We begin having the master data opened in the current Stata session. For the sake of showing an example, let's suppose we want to set fake_data as the master dataset, and use region-year  as the using dataset. 

We already know that the fake_data's unique identifiers are *workerid* and *year* while the region-year's unique identifiers are *region* and *year*. The variables we use to link both data sets have to be the unique identifiers that are present in both data sets. Because *workerid* does not exist in the region-level data set, we will use variable *region* and *year* to merge the data sets. 

This means that for every region in the using data set there will be many observations in the individual level (master) data set to be matched. Therefore, this will be a `m:1` merge.  

In [11]:
use fake_data, clear  // This sets this data set as the master

In [12]:
merge m:1 region year using region_year_data 


    Result                      Number of obs
    -----------------------------------------
    Not matched                       406,963
        from master                   406,963  (_merge==1)
        from using                          0  (_merge==2)

    Matched                         2,454,809  (_merge==3)
    -----------------------------------------


Let's analyze the table above. It says that there were 406,963 observations in the master data couldn't be matched to any observation in the using dataset. This is due to the fact that our dataset at the region-year level does not have information for some years. 

Furthermore, the previous table shows that every observation from the using dataset got matched to some observation in the master dataset. The total number of matched observations is roughly 2.5 million.

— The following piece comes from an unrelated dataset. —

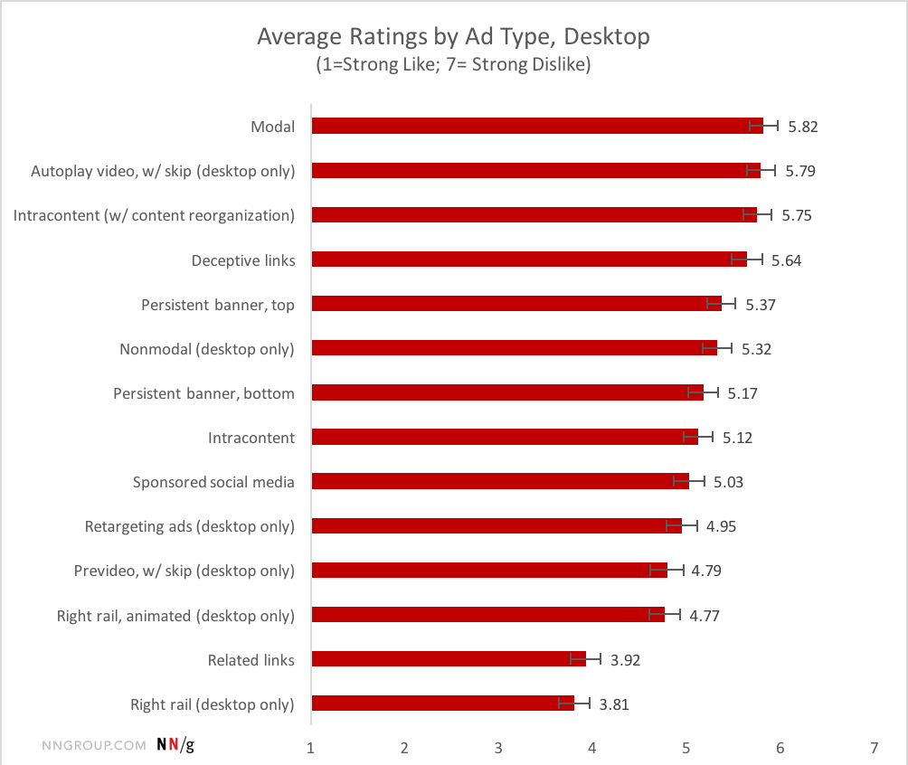Tương phản Turkey chỉ ra rằng bốn mẫu quảng cáo bị ghét nhất trên máy bàn không có sự khác biệt nhiều với nhau, nhưng chúng có sự khác biệt đáng kể với tất cả các kiểu quảng cáo khác (có một ngoại lệ: các quảng cáo liên kết bẫy không khác biệt so với banner ghim cố định ở vị trí đầu), vì thế sẽ là công bằng khi nói rằng danh hiệu cho quảng cáo bị ghét nhất trên máy bàn là mối liên kết bốn chiều giữa quảng cáo kiểu modal, quảng cáo video tự động bật, quảng cáo intracontent làm xáo trộn nội dung khi chúng tải, và quảng cáo liên kết bẫy, cái trông giống nội dung nhưng thực ra là quảng cáo. Mẹo quan trọng: đừng chạy các kiểu quảng cáo này nếu bạn muốn mọi người thích bạn.

All of this information gets recorded into a new varible named *_merge*. Because of this, it is good practice to write `cap drop _merge` before running a merge command. 

Would we get the same results if we switched the master and using datasets?

In [13]:
use region_year_data, clear
merge 1:m region year using fake_data




    Result                      Number of obs
    -----------------------------------------
    Not matched                       406,963
        from master                         0  (_merge==1)
        from using                    406,963  (_merge==2)

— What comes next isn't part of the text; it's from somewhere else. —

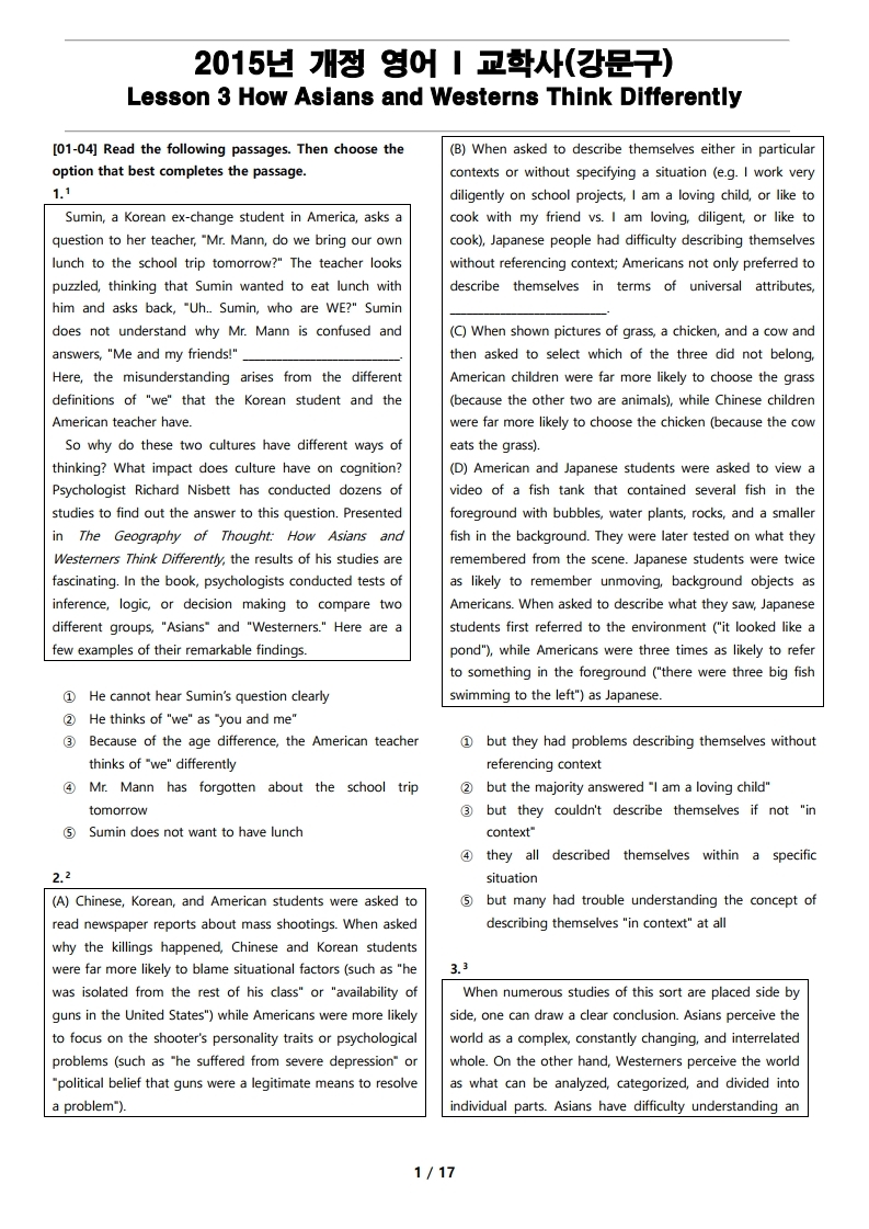 2015년 개정 영어 I 교학사(강문구) 3과 변형 문제 How Asians and Westerners Think Differently

    Matched                         2,454,809  (_merge==3)
    -----------------------------------------


Indeed, we get the same information. We typically want to restrict to observations that were correctly matched across datasets.

In [14]:
keep if _merge==3

(406,963 observations deleted)


<div class="alert alert-block alert-warning">
    
<b>Warning:</b> Before dropping the unmerged observations make sure you spend some time thinking about why they did not merge and correct any errors that you identify. For example, maybe the country names are different in the two data sets (i.e. one data set has "Barbados" and another data set has "The Barbados"). If this is the case you will want to change the names and attempt your match a second time.   
</div>

## 8.4 Appending Data Sets

We have used merge to combine datasets horizontally (we have added columns to the `master` dataset). However, if we want to combine datasets vertically  (add observations to the `master` dataset). Adding new information with `append` is very simple compared to the previous command. When we have a master dataset opened in our session, we can add observations using the syntax:

```stata
    append using new_dataset
```

This command will add new observations to the variables that are named *the same* across both datasets.

8.3 Wrap up

In this module we learned how to combine different datasets. This is an extremely useful skill, especaially when you are undertaking panel data regressions. We will be learning more about these types of regressions in [Module 16]().